RunOS is designed to abstract away Kubernetes complexity while leveraging its reliability and power. This document explains how the system works, how components communicate, and what makes RunOS different from traditional Kubernetes deployments.

What RunOS Provides

RunOS gives you all the benefits of Kubernetes without the operational burden:

One-click service deployments - PostgreSQL, Redis, Kafka, and 20+ services deploy instantly
Git-based application deployment - Push code, RunOS handles builds, deployments, domains, and SSL
Infrastructure flexibility - Run on any cloud provider, bare-metal, or on-premises
Automatic management - Kubernetes clusters created and managed behind the scenes
Service intelligence - Applications automatically discover and connect to services

Core Components

Console (Web Application)

Your primary interface for managing everything in RunOS.

What you do here:

Add and manage servers
Deploy applications from Git repositories
Install services like databases and message queues
Monitor cluster health and performance
View logs and metrics
Configure domains and SSL certificates

Think of the Console as mission control - where you make decisions and see results.

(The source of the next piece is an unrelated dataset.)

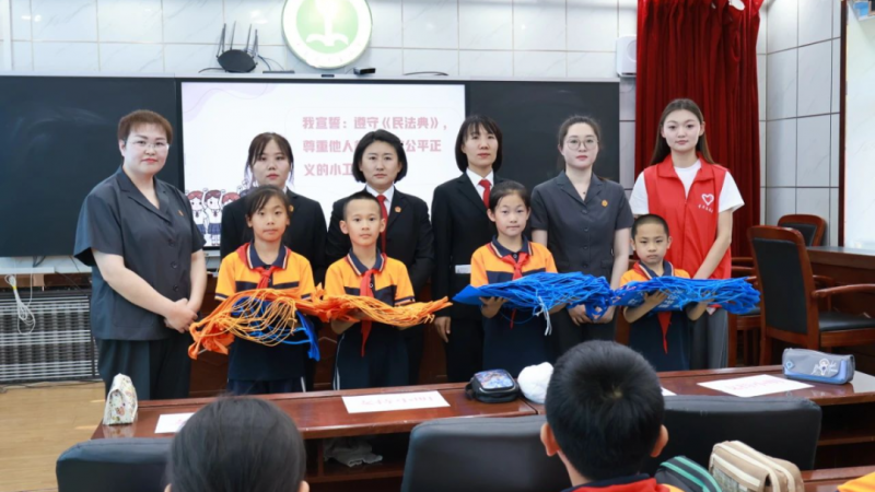 木兰县人民法院走进民主小学,开展“法治体验营·争做小卫士”主题活动。法官用通俗易懂的语言介绍法院职能,并通过模拟“抢玩具”案例,生动诠释法律如何平衡权力与责任。法袍、法槌的实物展示和试穿体验,让学生们直观感受司法庄严。活动尾声,全体学生在法官的带领下庄严宣誓:“我宣誓,遵守《中华人民共和国民法典》,尊重他人权利,做公平正义的小卫士!”稚嫩而坚定的誓言,将遵法守规的信念深植童心。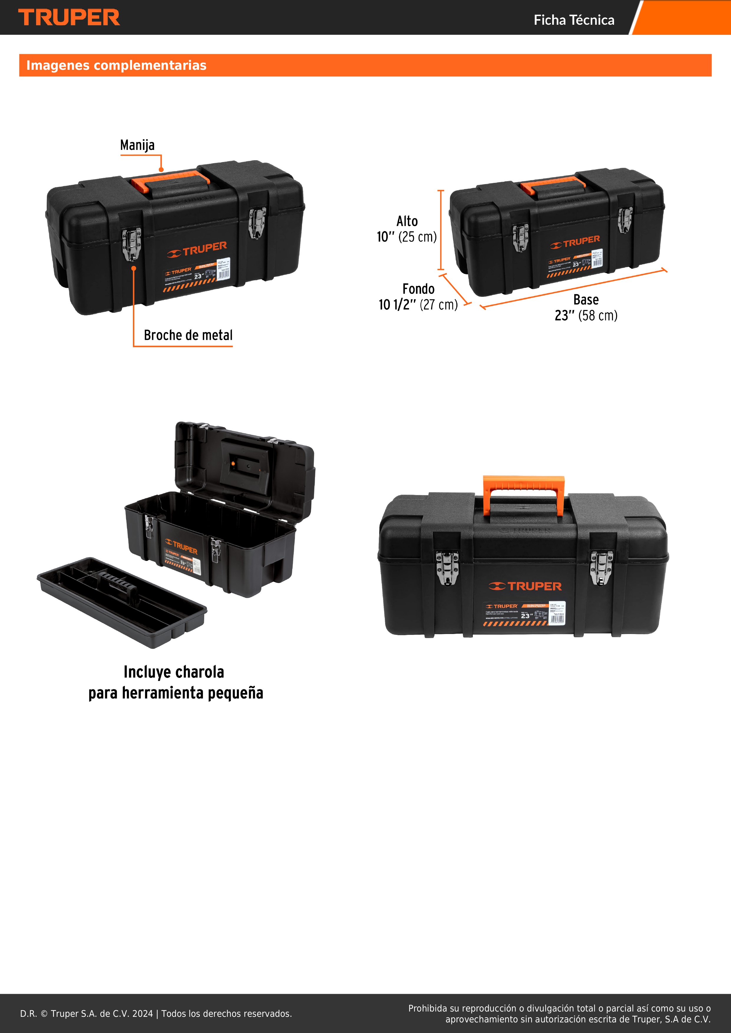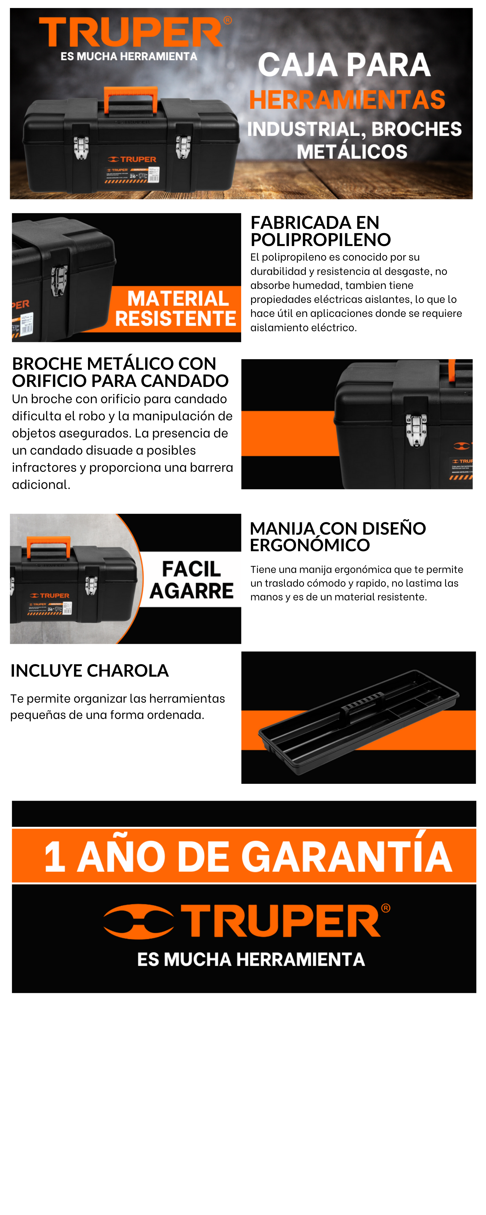 • Broche metálico con orificio para candado, que brinda mayor seguridad al contenido de la caja

Node Agent (On Your Servers)

Lightweight daemon running on each server in your cluster.

Responsibilities:

Prepares servers during initial setup
Maintains secure connections to RunOS platform
Manages VPN connectivity between servers
Executes deployment commands
Reports health status and metrics

When you add a server through the Console, the Node Agent handles all technical setup automatically.

Cluster Agent (In Kubernetes)

Service running inside your cluster in the runos namespace.

Responsibilities:

Automatically provisions SSL/TLS certificates
Renews certificates before expiration
Maintains secure communication with RunOS platform
Handles cluster-level administrative tasks

Works quietly in the background to keep your cluster secure and operational.

RunOS Backend

Central communication hub connecting everything together.

What it does:

Routes commands from Console to Node Agents
Collects status updates and metrics from servers
Manages secure mTLS communication channels
Handles authentication and authorization

You don't interact with it directly - it's the invisible messenger making everything work seamlessly.

Templates Service

Provides configurations for all deployable services.

What it provides:

Kubernetes configuration templates for supported services
Intelligent defaults for service deployments
Tiered configuration options (lightweight, HA, enterprise)
Best-practice configurations

When you deploy PostgreSQL or any service, Templates provides the battle-tested configuration.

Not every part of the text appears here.